- Citizenship: United States of America
- Education: Massachusetts Institute of Technology
- Known for: Customer lifetime value Customer centricity Customer-based corporate valuation
- Awards: Frances and Pei-Yuan Chia Professorship, 25 Marketing Technology Trailblazers,
- Scientific career
- Fields: Marketing
- Workplaces: Wharton School of the University of Pennsylvania, Theta Equity Partners
- Doctoral advisor: John R. Hauser

= Peter Fader =

American academic

Peter S. Fader is the Frances and Pei-Yuan Chia Professor of Marketing at The Wharton School of the University of Pennsylvania. His research is about the analysis of behavioral data to forecast customer shopping/purchasing activities.

== Career ==
Fader was introduced to marketing when he was a math major undergraduate in MIT by Professor Leigh McAlister. Later in an interview, Fader called McAlister his "fairy god mother" for his career in marketing. Fader works with firms from a plethora of industries, such as telecommunications, financial services, gaming/entertainment, retailing, and pharmaceuticals. Managerial applications focus on topics such as management of customer relationships, lifetime value of the customer, and sales predictions for new products. Much of his research highlights the consistent behavioral patterns that exist across these industries and other domains.
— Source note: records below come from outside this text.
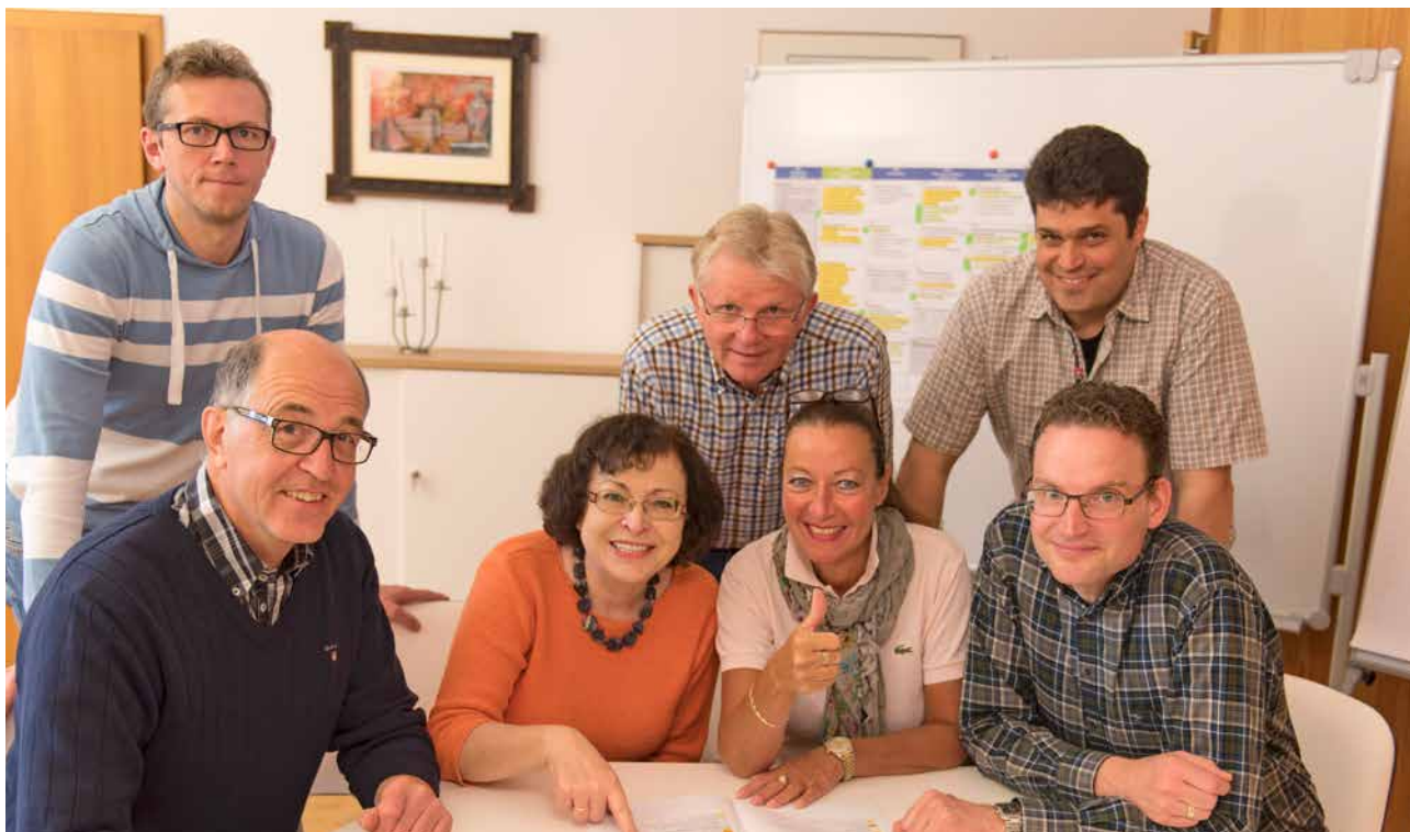
Die erweiterte Schulleitung freut sich über das gute Abschneiden der Qualitätsanalyse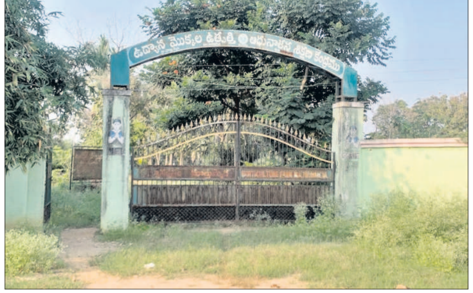
అలాపాలనా లేని మాల్కొండ పండ్ల మొక్కల ఉద్యానవన క్షేత్రం

■ ఎండిపోతున్న మొక్కలు ■ పట్టించుకోని అధికారులు ■ పూర్వ వైభవం తీసుకురావాలని కోరుతున్న ప్రజలు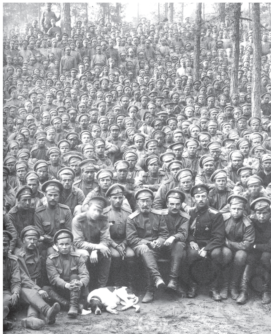
चित्र 7 - पहले विश्वयुद्ध के दौरान रूसी सिपाही . शाही रूसी सेना को 'रूसी स्टीमरोलर' कहा जाता था। यह दुनिया की सबसे बड़ी सशस्त्र सेना थी। जब इस सेना ने अपनी निष्ठा बदल कर क्रांतिकारियों को समर्थन देना शुरू कर दिया तो जार की सत्ता भी ढह गई।

युद्ध से उद्योगों पर भी बुरा असर पड़ा। रूस के अपने उद्योग तो वैसे भी बहुत कम थे, अब तो बाहर से मिलने वाली आपूर्ति भी बंद हो गई क्योंकि बाल्टिक समुद्र में जिस रास्ते से विदेशी औद्योगिक सामान आते थे उस पर जर्मनी का कब्जा हो चुका था। यूरोप के बाकी देशों के मुकाबले रूस के औद्योगिक उपकरण ज़्यादा तेजी से बेकार होने लगे। 1916 तक रेलवे लाइनें टूटने लगीं। अच्छी सेहत वाले मर्दों को युद्ध में झोंक दिया गया। देश भर में मज़दूरों की कमी पड़ने लगी और ज़रूरी सामान बनाने वाली छोटी-छोटी वर्कशॉप्स ठप्प होने लगीं। ज़्यादातर अनाज सैनिकों का पेट भरने के लिए मोर्चे पर भेजा जाने लगा। शहरों में रहने वालों के लिए रोटी और आटे की किल्लत पैदा हो गई। 1916 की सर्दियों में रोटी की दुकानों पर अकसर दंगे होने लगे।

In addition to his various roles at Wharton, Professor Fader co-founded a predictive analytics firm named Zodiac in 2015, which was sold to Nike in 2018. He then co-founded and still works at Theta Equity Partners to commercialize his more recent work on “customer-based corporate valuation.”

== Works ==
Fader is the author of Customer Centricity: Focus on the Right Customers for Strategic Advantage and co-authored with Sarah E. Toms of the book The Customer Centricity Playbook: Implement a Winning Strategy Driven by Customer Lifetime Value.

== Awards ==
He is the current recipient of the Pei-Yuan Chia Professorship. He has held this award since 2003.

He was named one of the 25 Marketing Technology Trailblazers by Advertising Age.